» Exercise description: Pictures aside, repeat the listing below exactly.

» Dataset section:
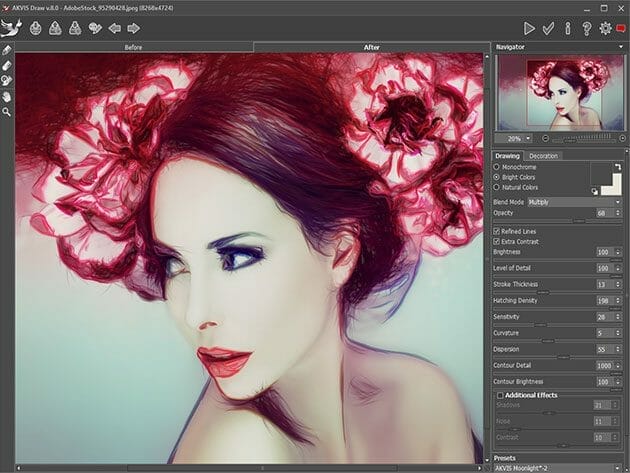 AKVIS Draw lets you create hand-drawn pencil sketches and line art pictures from your digital photos! The software is incredibly easy to use; it makes a realistic looking drawing effect in just one click! Equipped with the ready-to-use presets and adjustable parameters, the program renders various esquisse drawing styles. Besides creating black and white sketches, the software also lets you make color drawings. Load your image into the program and adjust settings to generate an artwork. The software creatively produces pencil strokes, imitating an artist’s view.
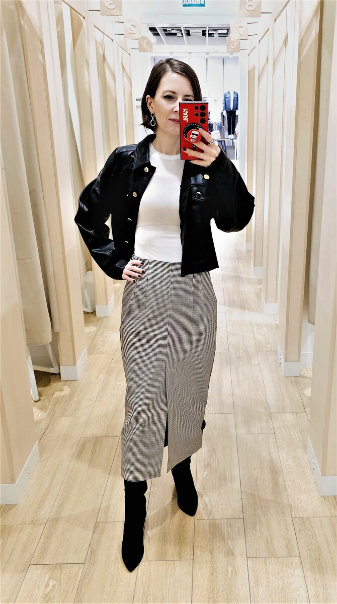 Я неоднократно писала, что стильные образы можно собрать в любом сегменте - от масс-маркета до люкса, главное знать, что выбирать. Сегодня хочу еще раз это подтвердить, показав комплекты, которые выглядят здорово, но не требуют значительных финансовых затрат. Образ 1 Берем юбку миди в гусиную лапку, дополняем белым лонгсливом по фигуре и укороченным жакетом из экокожи - и получаем красивые пропорции. По обуви: на зиму, начало весны лучше всего подойдут сапоги, заходящие под подол юбки, на более теплое время - черные балетки или лодочки с полупрозрачными черными колготками. Артикулы и цены: юбка - LD1552O02-T7, 1399 руб. (было 2 799), жакет - LB1552O02-99, 1999 руб. (было 2 999), лонгслив - LT461AO02-01, 1399 руб. На мне юбка в размере S (хотелось бы бы ХS, но не было), остальное - в размере ХS Образ 2 Темно-синие брюки в полоску - очень модная вещь, несмотря на кажущуюся простоту. Дополним их чуть свободным джемпером - и получим стильный образ, который уместен и в офисе, и за его пред
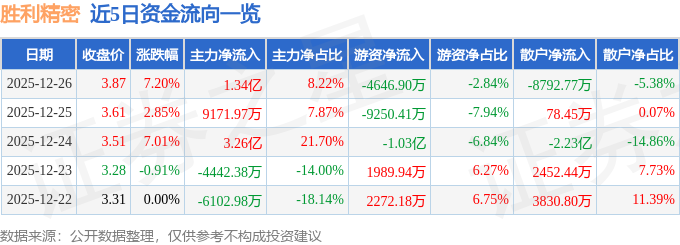 证券之星消息,截至2025年12月26日收盘,胜利精密(002426)报收于3.87元,上涨7.2%,换手率12.65%,成交量430.35万手,成交额16.34亿元。

» Solution for this task:
 AKVIS Draw lets you create hand-drawn pencil sketches and line art pictures from your digital photos! The software is incredibly easy to use; it makes a realistic looking drawing effect in just one click! Equipped with the ready-to-use presets and adjustable parameters, the program renders various esquisse drawing styles. Besides creating black and white sketches, the software also lets you make color drawings. Load your image into the program and adjust settings to generate an artwork. The software creatively produces pencil strokes, imitating an artist’s view.
 Я неоднократно писала, что стильные образы можно собрать в любом сегменте - от масс-маркета до люкса, главное знать, что выбирать. Сегодня хочу еще раз это подтвердить, показав комплекты, которые выглядят здорово, но не требуют значительных финансовых затрат. Образ 1 Берем юбку миди в гусиную лапку, дополняем белым лонгсливом по фигуре и укороченным жакетом из экокожи - и получаем красивые пропорции. По обуви: на зиму, начало весны лучше всего подойдут сапоги, заходящие под подол юбки, на более теплое время - черные балетки или лодочки с полупрозрачными черными колготками. Артикулы и цены: юбка - LD1552O02-T7, 1399 руб. (было 2 799), жакет - LB1552O02-99, 1999 руб. (было 2 999), лонгслив - LT461AO02-01, 1399 руб. На мне юбка в размере S (хотелось бы бы ХS, но не было), остальное - в размере ХS Образ 2 Темно-синие брюки в полоску - очень модная вещь, несмотря на кажущуюся простоту. Дополним их чуть свободным джемпером - и получим стильный образ, который уместен и в офисе, и за его пред
 证券之星消息,截至2025年12月26日收盘,胜利精密(002426)报收于3.87元,上涨7.2%,换手率12.65%,成交量430.35万手,成交额16.34亿元。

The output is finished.